- [Data records]
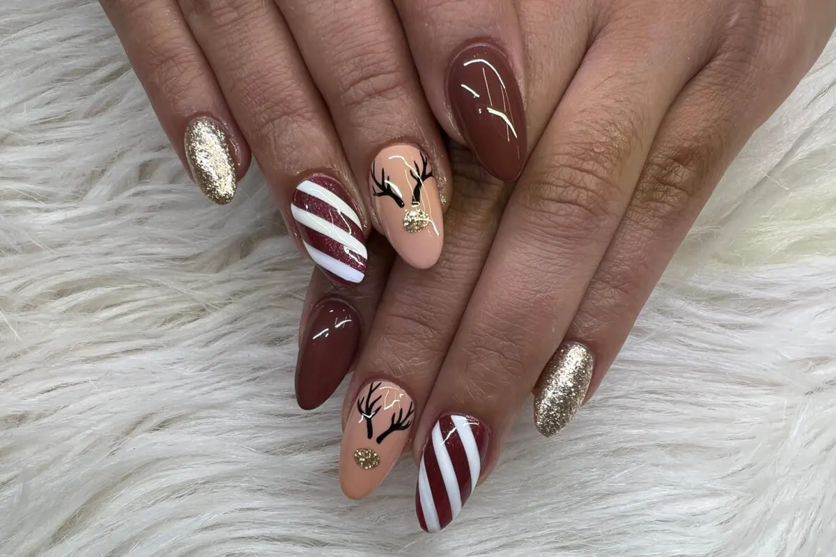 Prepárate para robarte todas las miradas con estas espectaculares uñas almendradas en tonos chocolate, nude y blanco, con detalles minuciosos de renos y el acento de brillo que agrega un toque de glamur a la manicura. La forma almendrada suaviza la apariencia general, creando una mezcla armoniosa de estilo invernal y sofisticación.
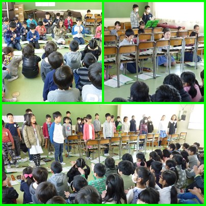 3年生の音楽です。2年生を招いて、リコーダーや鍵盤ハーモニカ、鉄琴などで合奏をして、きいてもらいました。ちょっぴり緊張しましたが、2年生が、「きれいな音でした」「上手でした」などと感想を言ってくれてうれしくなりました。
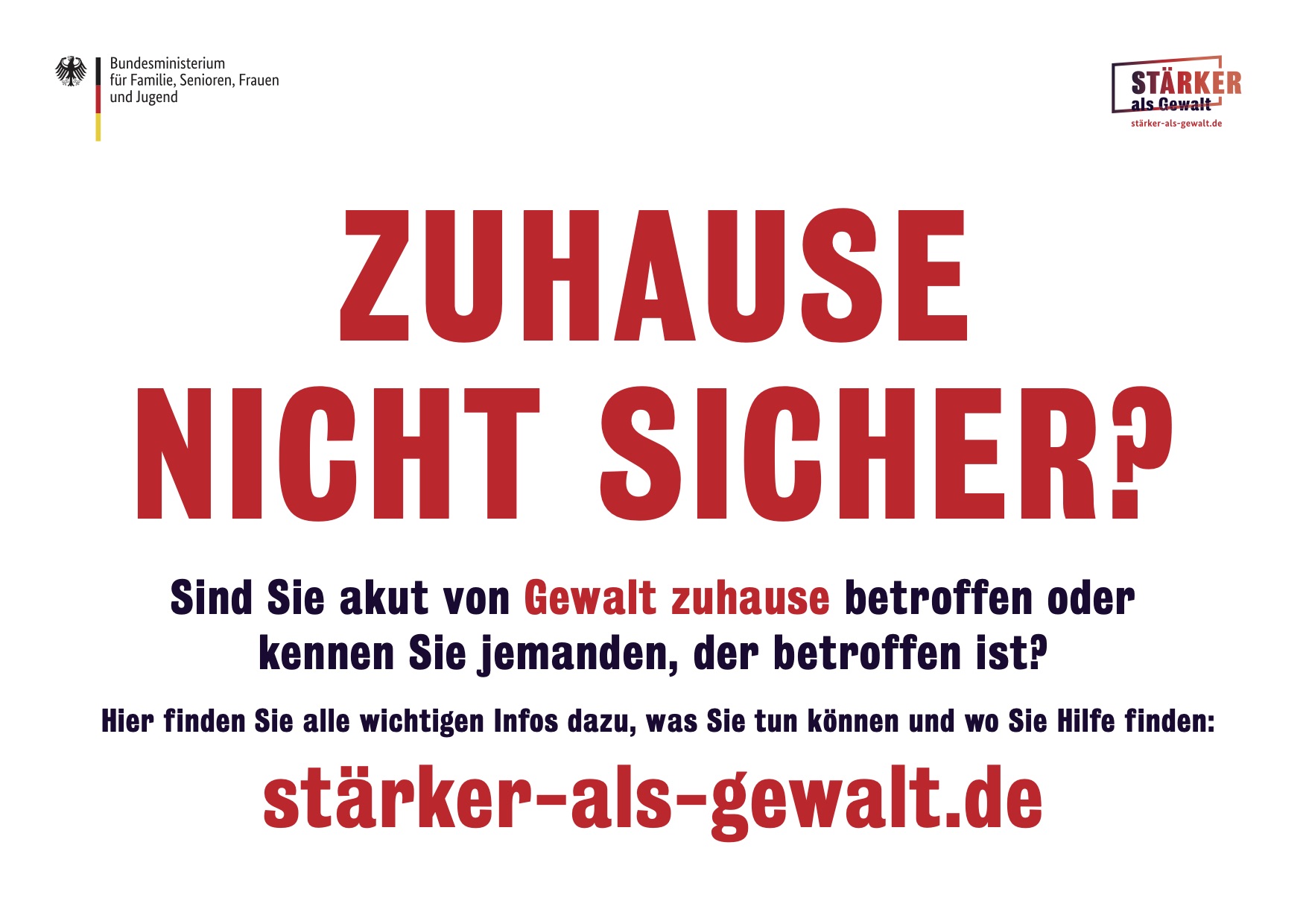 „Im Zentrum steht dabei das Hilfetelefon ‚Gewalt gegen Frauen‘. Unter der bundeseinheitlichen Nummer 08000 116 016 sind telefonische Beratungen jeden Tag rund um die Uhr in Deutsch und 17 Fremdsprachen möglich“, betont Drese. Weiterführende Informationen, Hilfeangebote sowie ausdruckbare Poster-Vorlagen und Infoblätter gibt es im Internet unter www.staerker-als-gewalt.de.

...

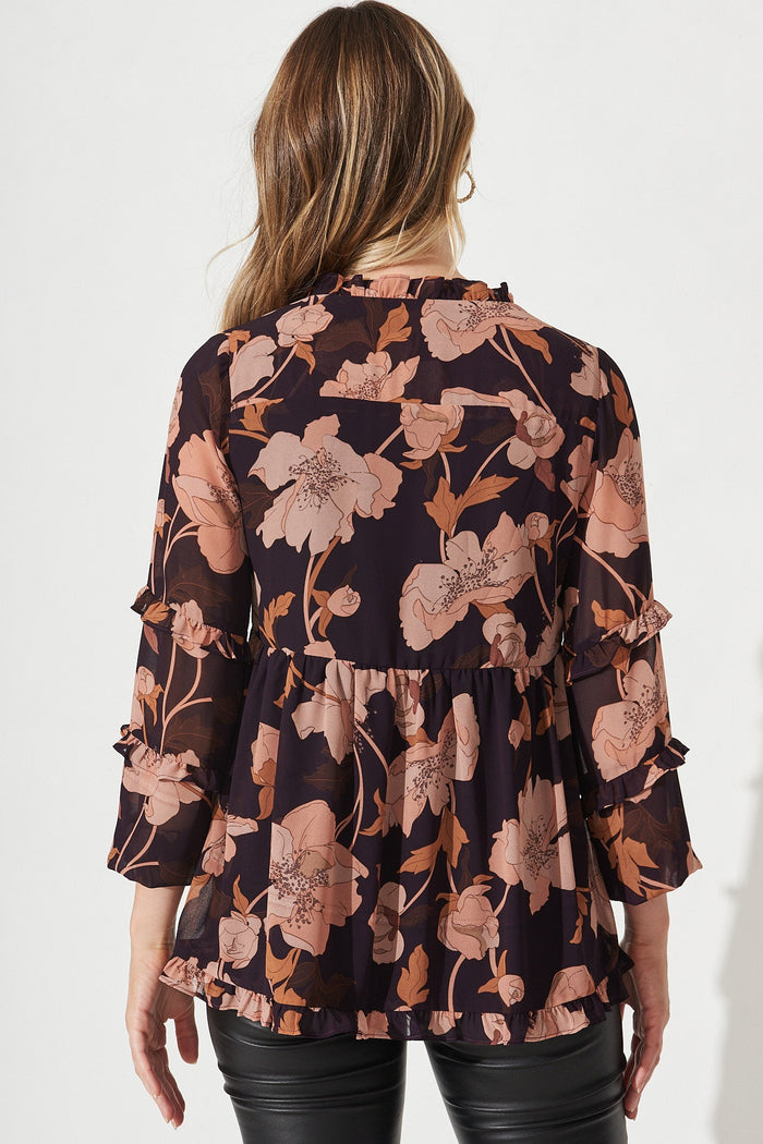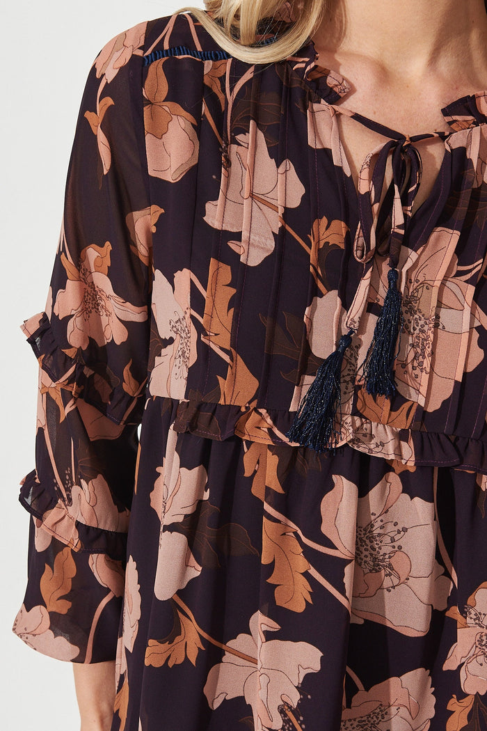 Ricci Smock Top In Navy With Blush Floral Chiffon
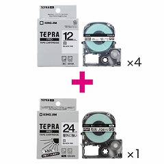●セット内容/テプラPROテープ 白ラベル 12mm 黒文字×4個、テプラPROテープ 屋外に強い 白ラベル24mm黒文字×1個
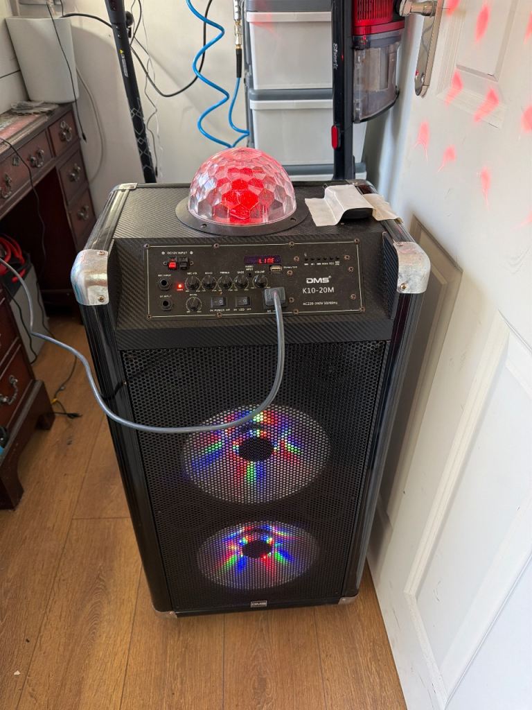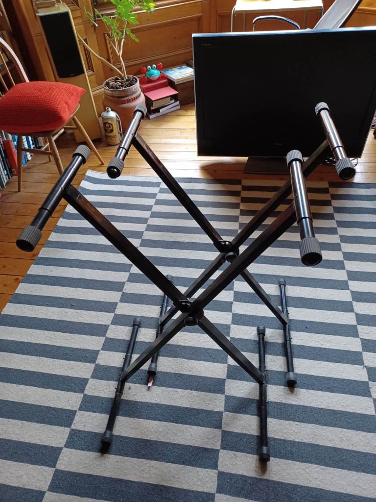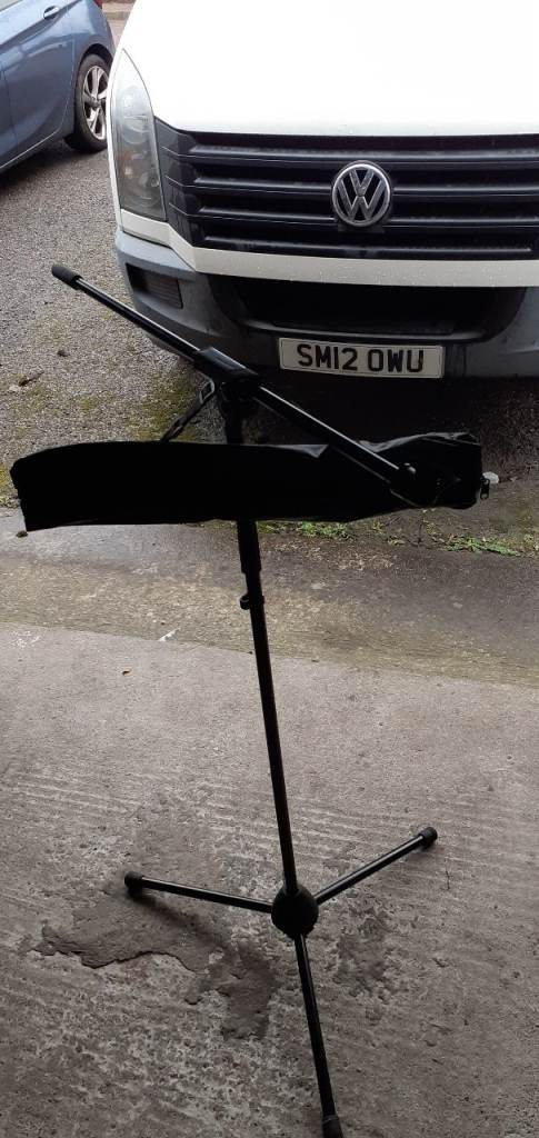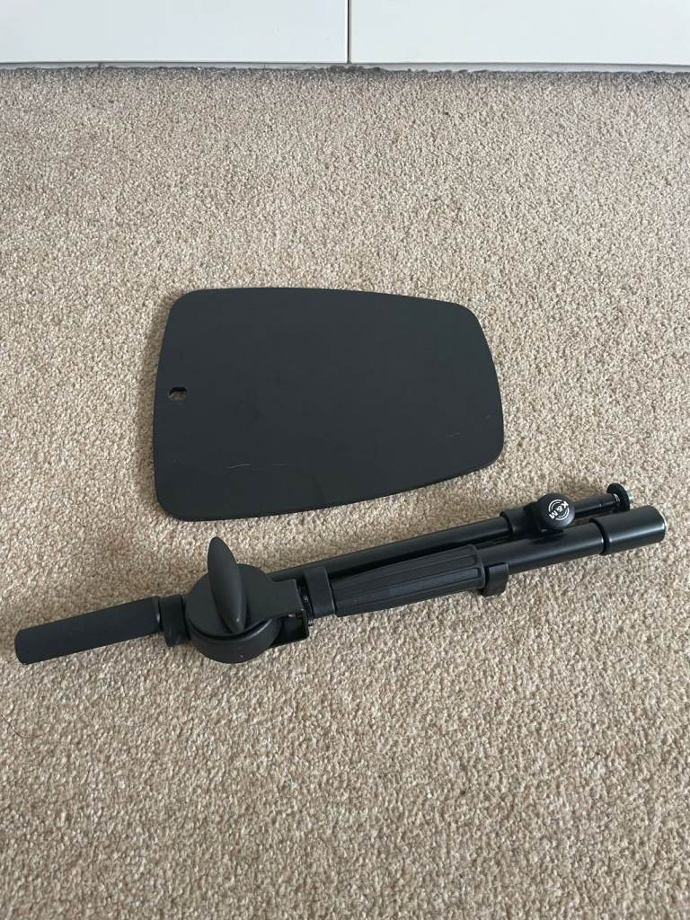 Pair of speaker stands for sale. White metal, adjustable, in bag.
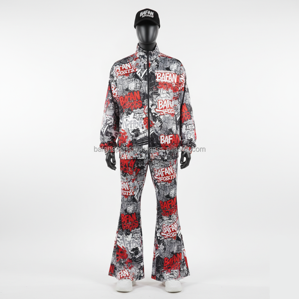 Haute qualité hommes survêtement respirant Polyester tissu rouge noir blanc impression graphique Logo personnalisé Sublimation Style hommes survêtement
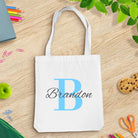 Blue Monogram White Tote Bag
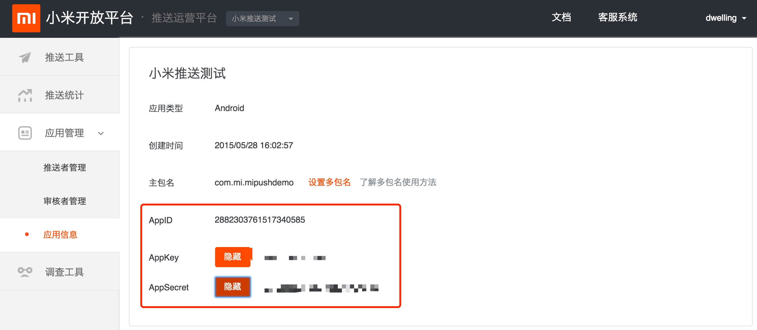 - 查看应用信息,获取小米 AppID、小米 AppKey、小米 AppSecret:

--

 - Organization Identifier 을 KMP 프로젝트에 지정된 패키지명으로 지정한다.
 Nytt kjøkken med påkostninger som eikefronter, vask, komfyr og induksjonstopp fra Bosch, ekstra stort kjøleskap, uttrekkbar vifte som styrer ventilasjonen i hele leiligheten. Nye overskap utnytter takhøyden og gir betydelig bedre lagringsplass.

- [Try it] Please transcribe only the lines in the records above running from the line that has "- Organization Identifier" through the line that has "Nytt kjøkken med", both included, exactly as they appear.

- [Task result]
 - Organization Identifier 을 KMP 프로젝트에 지정된 패키지명으로 지정한다.
 Nytt kjøkken med påkostninger som eikefronter, vask, komfyr og induksjonstopp fra Bosch, ekstra stort kjøleskap, uttrekkbar vifte som styrer ventilasjonen i hele leiligheten. Nye overskap utnytter takhøyden og gir betydelig bedre lagringsplass.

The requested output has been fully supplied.